The number of rollout workers is controlled by --num_workers. Each rollout worker can simulate one or multiple environments serially in the same process. The number of environments per worker is controlled by --num_envs_per_worker.

Each rollout worker contains >= 1 of VectorEnvRunner objects, the number of which is controlled by --worker_num_splits. The default value of this parameter is 2, which enables double-buffered sampling. The number of envs on each VectorEnvRunner is thus num_envs_per_worker // worker_num_splits and therefore --num_envs_per_worker must be divisible by --worker_num_splits.

Inference Workers

Each policy (see multi-policy training) has >= 1 corresponding inference workers which generate actions for the agents controlled by this policy. The number of inference workers is controlled by --policy_workers_per_policy.

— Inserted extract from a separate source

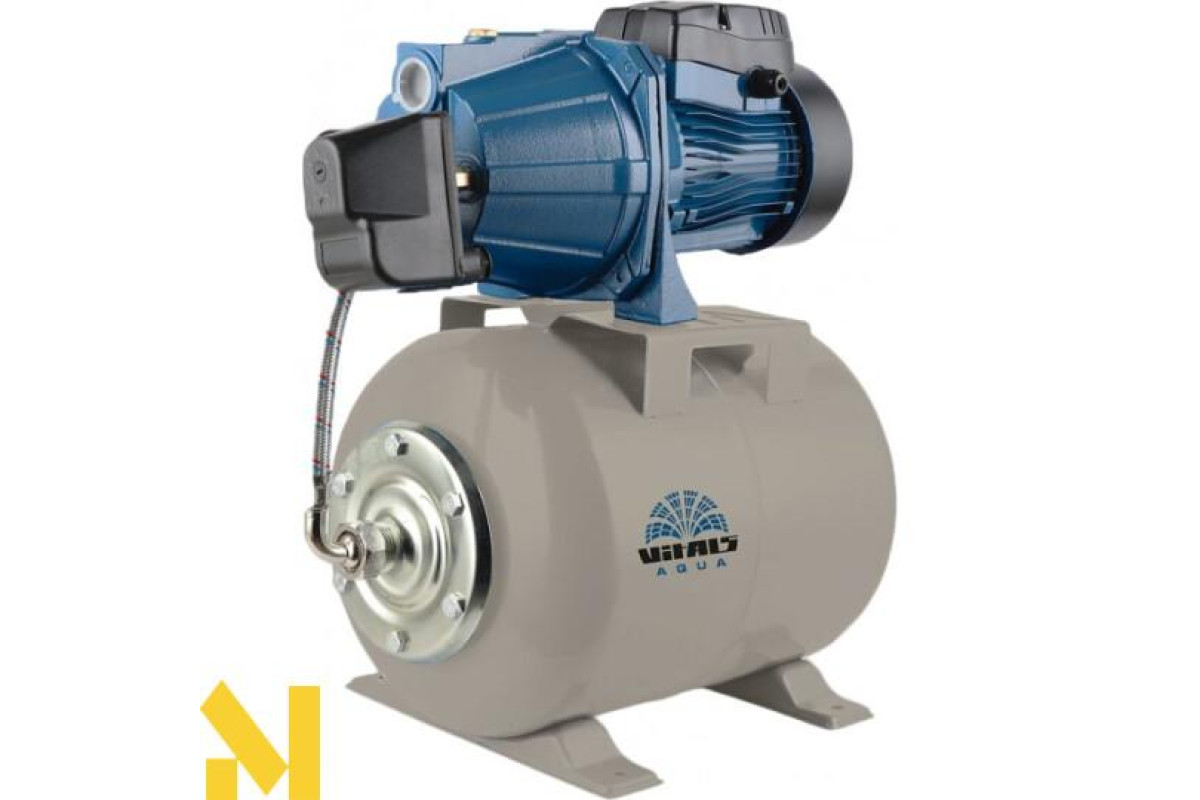 Насосна станція струминна Vitals Aqua AJ 745-24de оснащена консольним роторним відцентровим самовсмоктувальним насосом серії J з внутрішнім ежектором. Насоси цього типу забезпечують стабільність параметрів потоку води при зміні умов роботи, найчастіше їх використовують у тих випадках, коли необхідно отримати великий обсяг води, що перекачується, забезпечивши при цьому стабільність характеристик водного потоку і уникнувши необхідності заливки води при кожному запуску. Щоб уникнути частих включень і вимкнень насоса, і щоб тиск у системі змінювався не стрибкоподібно, а плавно, в конструкції станції передбачений гідроакумулятор (сталевий розширювальний бак з еластичною мембраною) ємністю 24 літри.

There's typically a single batcher per policy in the system. The batcher receives trajectories from rollout workers and puts them together into a dataset available for training. In batched sampling mode this is pretty much a no-op, the batcher just passes the data through. In non-batched sampling mode this is a non-trivial process, since rollouts from different workers finish asynchronously and need to be put in the contiguous tensor for minibatch SGD.

Although batcher is it's own component, in the default configuration we run it in the same process as the learner (but in a separate thread) in order to minimize the number of CUDA contexts and thus VRAM usage.


There's typically a single learner per policy in the system. Trajectory datasets flow in and updated parameters flow out.


Some terminology used in the codebase and in the further documentation:

  • rollout or trajectory is a sequence of observations, actions, rewards, etc. produced by a single agent.
  • dataset (or training batch or sometimes just batch) is a collection of trajectories produced by >=1 agents.
  • Datasets are split into minibatches and >=1 epochs of SGD are performed. Minibatch size is determined by --batch_size and number of epochs is determined by --num_epochs. Dataset size is batch_size * num_batches_per_epoch, and in total batch_size * num_batches_per_epoch * num_epochs SGD steps are performed on each dataset (sorry for the obvious confusion between "batch" and "minibatch" terms, the parameter names are kept largely for legacy reasons).
  • signals are messages sent between components. Signals are connected to slots, which are functions that are called when a signal is received. This mechanism is inspired by Qt's signals and slots (see the dedicated section on message passing).
  • shared memory buffers are PyTorch tensors shared between processes, created with share_memory_() method.